== Segment start ==

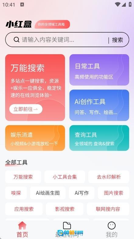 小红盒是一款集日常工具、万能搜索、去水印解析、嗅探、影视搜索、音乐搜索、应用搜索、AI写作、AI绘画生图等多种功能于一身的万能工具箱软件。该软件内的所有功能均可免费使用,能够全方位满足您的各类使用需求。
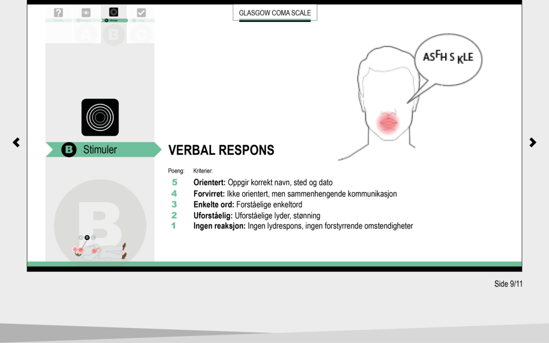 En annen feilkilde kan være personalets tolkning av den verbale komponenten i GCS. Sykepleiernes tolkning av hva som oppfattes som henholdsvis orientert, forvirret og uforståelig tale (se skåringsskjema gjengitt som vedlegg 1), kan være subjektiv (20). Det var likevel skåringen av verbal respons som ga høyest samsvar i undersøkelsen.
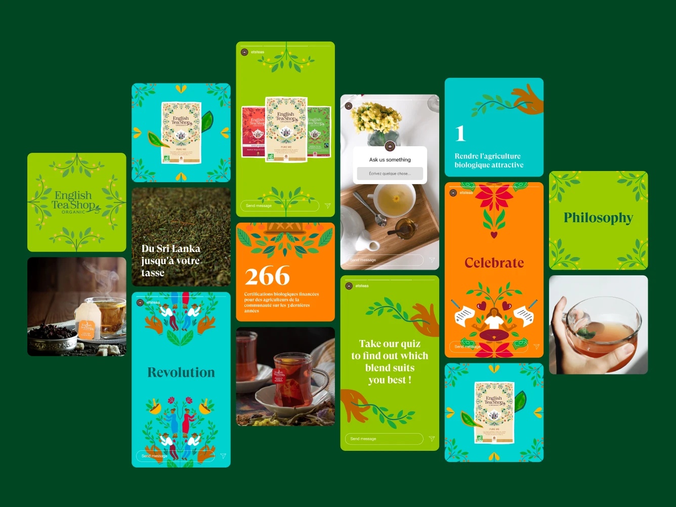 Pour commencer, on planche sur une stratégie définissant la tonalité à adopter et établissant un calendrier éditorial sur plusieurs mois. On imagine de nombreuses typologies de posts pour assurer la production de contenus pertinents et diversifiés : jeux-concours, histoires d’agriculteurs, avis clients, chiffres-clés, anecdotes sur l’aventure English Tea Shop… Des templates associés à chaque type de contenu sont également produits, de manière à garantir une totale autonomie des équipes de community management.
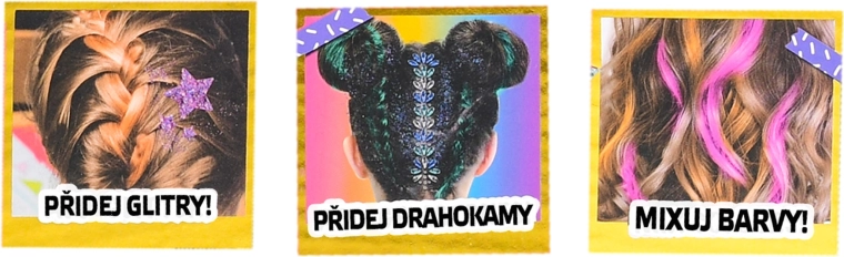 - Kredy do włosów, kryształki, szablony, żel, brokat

== Segment end ==
== Segment start ==

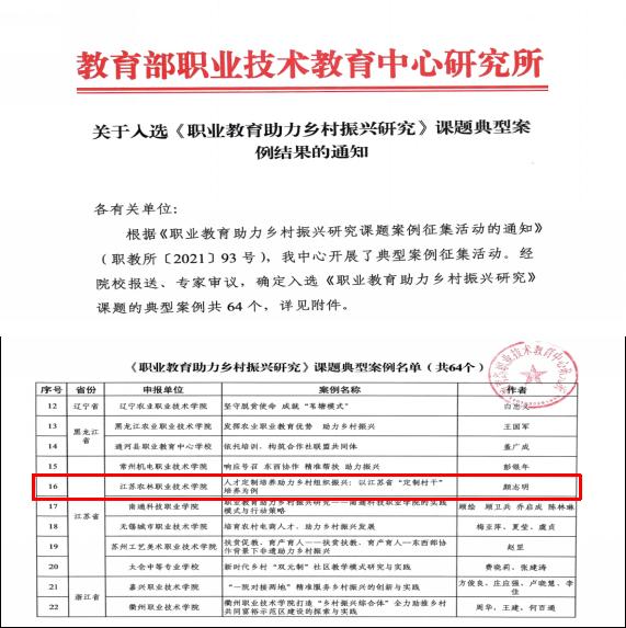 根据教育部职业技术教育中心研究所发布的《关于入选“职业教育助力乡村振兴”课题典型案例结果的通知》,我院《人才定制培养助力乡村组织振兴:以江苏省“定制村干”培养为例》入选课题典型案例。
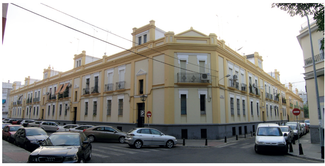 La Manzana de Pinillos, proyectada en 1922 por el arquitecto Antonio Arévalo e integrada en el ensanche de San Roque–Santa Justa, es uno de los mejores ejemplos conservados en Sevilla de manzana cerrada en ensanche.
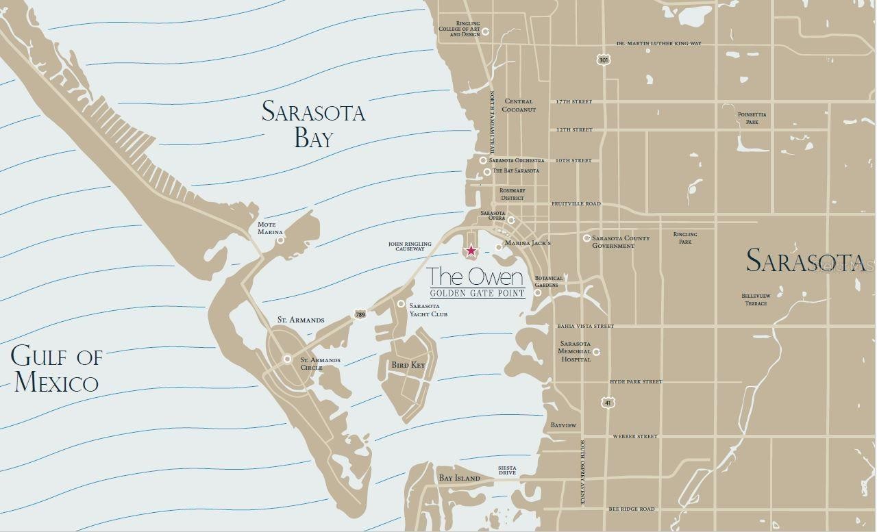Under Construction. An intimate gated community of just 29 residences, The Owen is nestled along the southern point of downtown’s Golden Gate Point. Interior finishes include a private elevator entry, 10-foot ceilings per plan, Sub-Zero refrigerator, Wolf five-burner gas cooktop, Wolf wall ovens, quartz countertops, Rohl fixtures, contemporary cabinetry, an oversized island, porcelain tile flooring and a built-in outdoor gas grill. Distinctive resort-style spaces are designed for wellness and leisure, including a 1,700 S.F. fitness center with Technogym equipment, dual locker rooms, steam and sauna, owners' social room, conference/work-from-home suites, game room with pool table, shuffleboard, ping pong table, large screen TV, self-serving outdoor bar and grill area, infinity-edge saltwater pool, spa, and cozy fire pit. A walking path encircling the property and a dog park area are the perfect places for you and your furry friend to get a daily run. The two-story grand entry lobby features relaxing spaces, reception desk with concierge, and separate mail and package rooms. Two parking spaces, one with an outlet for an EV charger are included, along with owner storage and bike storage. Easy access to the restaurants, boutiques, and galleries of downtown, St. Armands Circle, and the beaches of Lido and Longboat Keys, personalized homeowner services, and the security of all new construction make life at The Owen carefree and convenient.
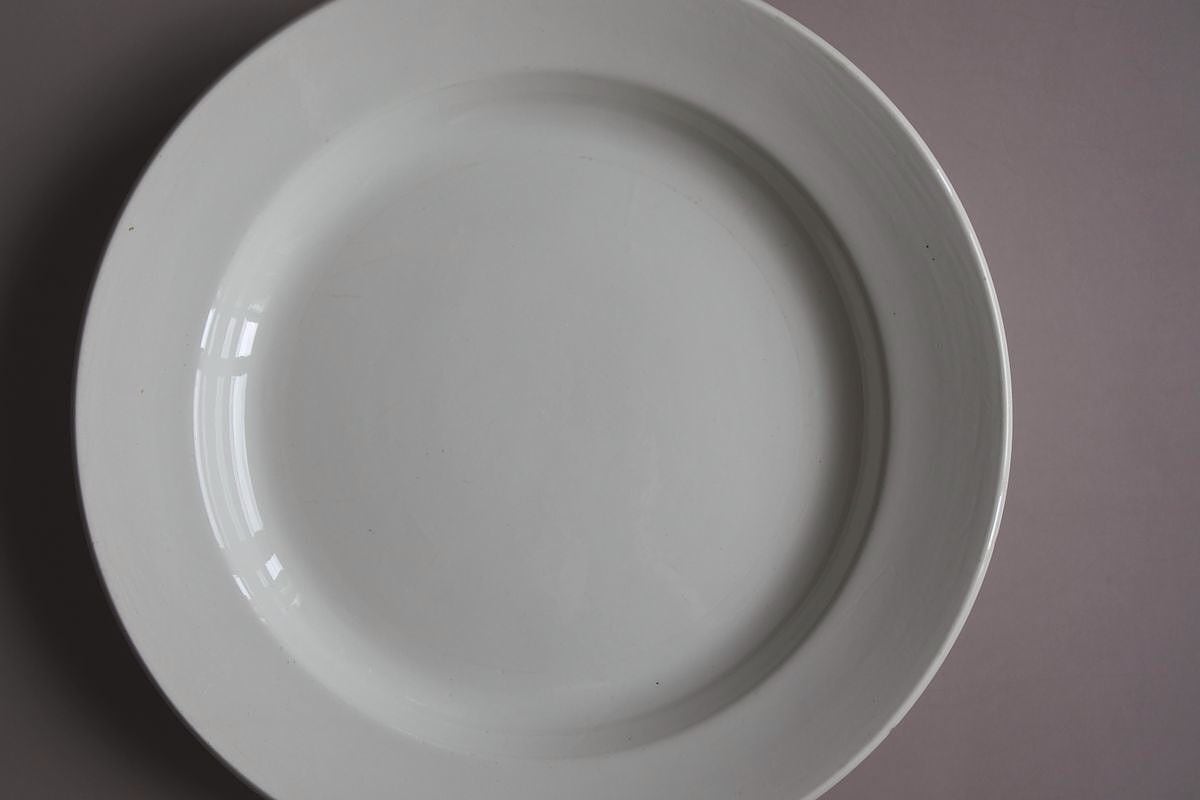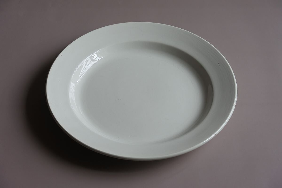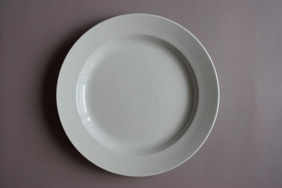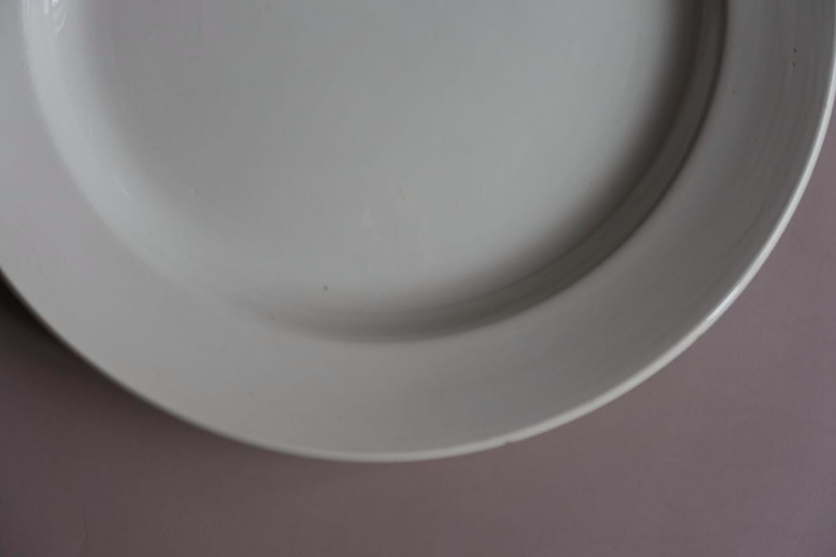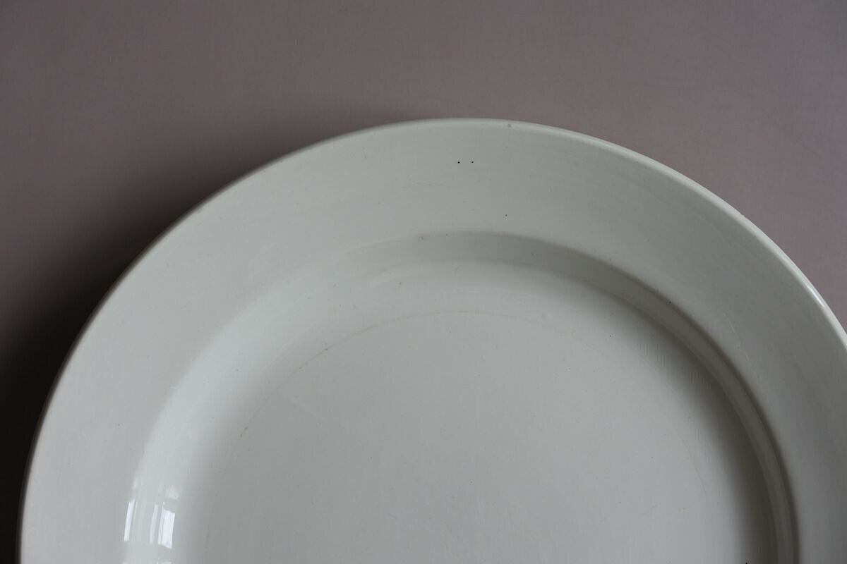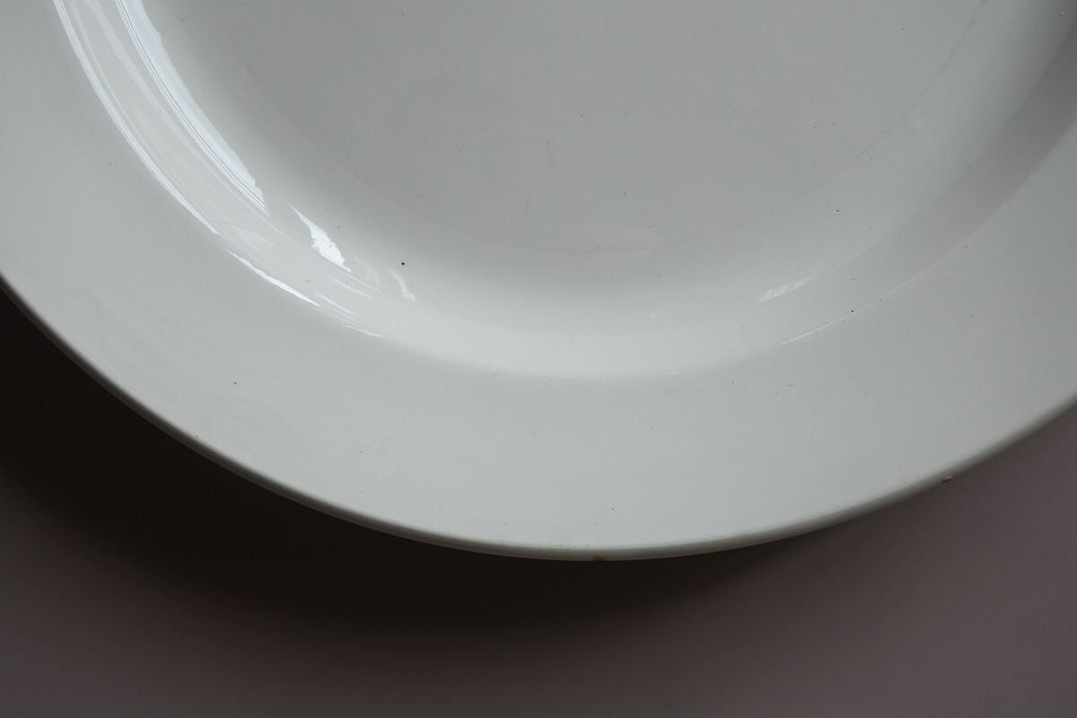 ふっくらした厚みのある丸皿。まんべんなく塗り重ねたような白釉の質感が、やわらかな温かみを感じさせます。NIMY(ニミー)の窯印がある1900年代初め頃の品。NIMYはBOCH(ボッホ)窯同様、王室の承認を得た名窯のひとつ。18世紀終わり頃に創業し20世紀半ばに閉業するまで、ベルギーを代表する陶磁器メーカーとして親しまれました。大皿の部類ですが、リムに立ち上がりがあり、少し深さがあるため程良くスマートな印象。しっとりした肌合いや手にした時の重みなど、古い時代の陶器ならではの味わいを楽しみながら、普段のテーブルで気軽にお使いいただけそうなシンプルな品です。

== Segment end ==
== Segment start ==

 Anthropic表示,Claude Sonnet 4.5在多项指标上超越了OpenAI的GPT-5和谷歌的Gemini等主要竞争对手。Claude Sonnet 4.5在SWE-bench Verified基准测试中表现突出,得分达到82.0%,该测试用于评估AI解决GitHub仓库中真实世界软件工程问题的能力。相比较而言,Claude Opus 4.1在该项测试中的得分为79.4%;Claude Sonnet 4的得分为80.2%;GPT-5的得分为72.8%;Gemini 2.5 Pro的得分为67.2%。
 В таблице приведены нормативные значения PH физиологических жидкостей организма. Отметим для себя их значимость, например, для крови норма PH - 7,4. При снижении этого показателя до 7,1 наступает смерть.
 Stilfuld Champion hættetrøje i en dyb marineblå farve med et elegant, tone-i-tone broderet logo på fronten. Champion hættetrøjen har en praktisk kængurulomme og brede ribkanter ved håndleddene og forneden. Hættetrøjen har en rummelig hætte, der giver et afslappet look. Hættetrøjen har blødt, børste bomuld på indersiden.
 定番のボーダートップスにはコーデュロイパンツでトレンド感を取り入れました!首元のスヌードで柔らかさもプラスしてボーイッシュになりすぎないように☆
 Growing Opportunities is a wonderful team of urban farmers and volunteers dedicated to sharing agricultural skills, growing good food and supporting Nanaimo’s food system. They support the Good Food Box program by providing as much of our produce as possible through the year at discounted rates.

== Segment end ==

**Problem requirements**
Although pictures appear among the entries, please set down only the lines from the one with "小红盒是一款集日常工具、万能" up to and including the one with "En annen feilkilde", word for word.

**Reply to the task**
 小红盒是一款集日常工具、万能搜索、去水印解析、嗅探、影视搜索、音乐搜索、应用搜索、AI写作、AI绘画生图等多种功能于一身的万能工具箱软件。该软件内的所有功能均可免费使用,能够全方位满足您的各类使用需求。
 En annen feilkilde kan være personalets tolkning av den verbale komponenten i GCS. Sykepleiernes tolkning av hva som oppfattes som henholdsvis orientert, forvirret og uforståelig tale (se skåringsskjema gjengitt som vedlegg 1), kan være subjektiv (20). Det var likevel skåringen av verbal respons som ga høyest samsvar i undersøkelsen.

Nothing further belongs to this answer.